Please report any unexpected JavaScript errors by creating a GitHub issue. In particular Promise is now undefined, and some unused Babel plugins like transform-es2015-for-of and transform-regenerator were also removed.

This means that some workarounds like the ones mentioned here and here also won't work as is and will need additional polyfills and plugins to work properly.

  • The Docker image base was updated to Alpine 3.13. Thanks @andriisoldatenko for your contribution!

  • The Debian package now includes ca-certificates as a dependency. Thanks @Bablzz for your contribution!

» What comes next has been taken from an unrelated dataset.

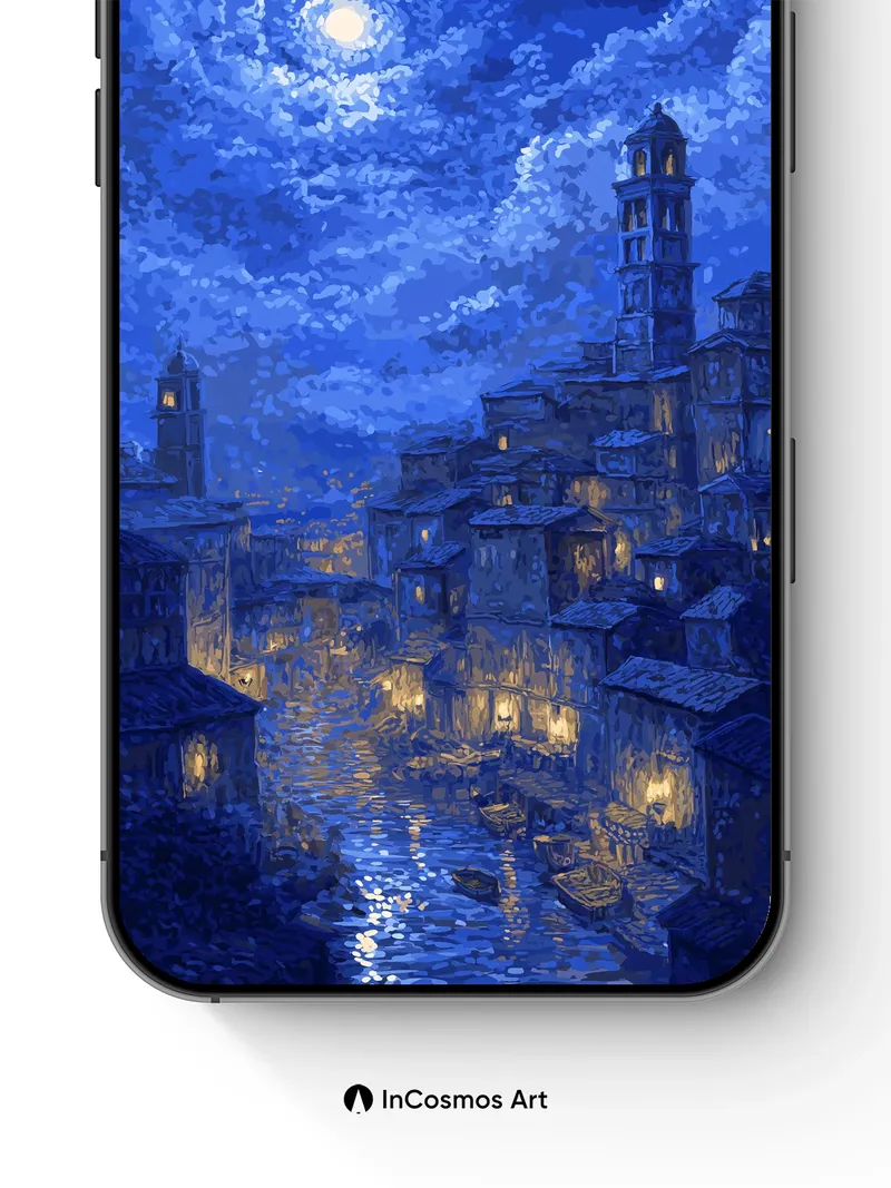 Moonlit Waterway Wallpaper with Gilded Reflections

Planned future breaking changes

The following are not breaking changes in this release, but we'd like to announce them so users can prepare for them in upcoming releases (likely k6 v0.32.0).

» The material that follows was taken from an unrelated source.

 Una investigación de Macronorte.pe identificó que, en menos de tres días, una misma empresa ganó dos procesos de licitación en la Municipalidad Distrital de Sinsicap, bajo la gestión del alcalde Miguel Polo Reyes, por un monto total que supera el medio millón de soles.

  • JS: The ArrayBuffer changes in this release are backwards compatible and shouldn't cause any issues, but in v0.32.0 some JS APIs that currently return an array of integers or string for binary data will return ArrayBuffer instead. This is the case for open() when used with the 'b' argument, response bodies for requests that specify responseType: 'binary', crypto.randomBytes(), hasher.digest('binary'), and encoding.b64decode(). Response.json() and Response.html() will also probably stop working when used with requests that specify responseType: 'binary'. These changes shouldn't be a problem for most users that were simply using these values to pass them to other internal modules (e.g. opening a binary file and passing it to http.post()), but if the scripts modified the binary data or depended on the current array of integers or string values they will need to be adapted to use typed arrays instead. You can follow the discussion in PR #1841 and issue #1020.
  • As part of the rebranding of Load Impact to k6, the k6 GitHub repository will be moved from loadimpact/k6 to k6io/k6 . Additionally because of Go's usage of URLs in package imports, the URL will be changed throughout the codebase. Since GitHub will maintain a redirect from the old location we don't expect this to impact a lot of users, or even external k6 contributors and xk6 developers, but be aware that the new URL should be used moving forward.
  • Because of the sunsetting of Bintray, the DEB, RPM, MSI and Chocolatey package repositories currently hosted on Bintray will be moved to a self-hosted solution sometime in the upcoming weeks. We'll communicate these changes via our blog as well as the official documentation.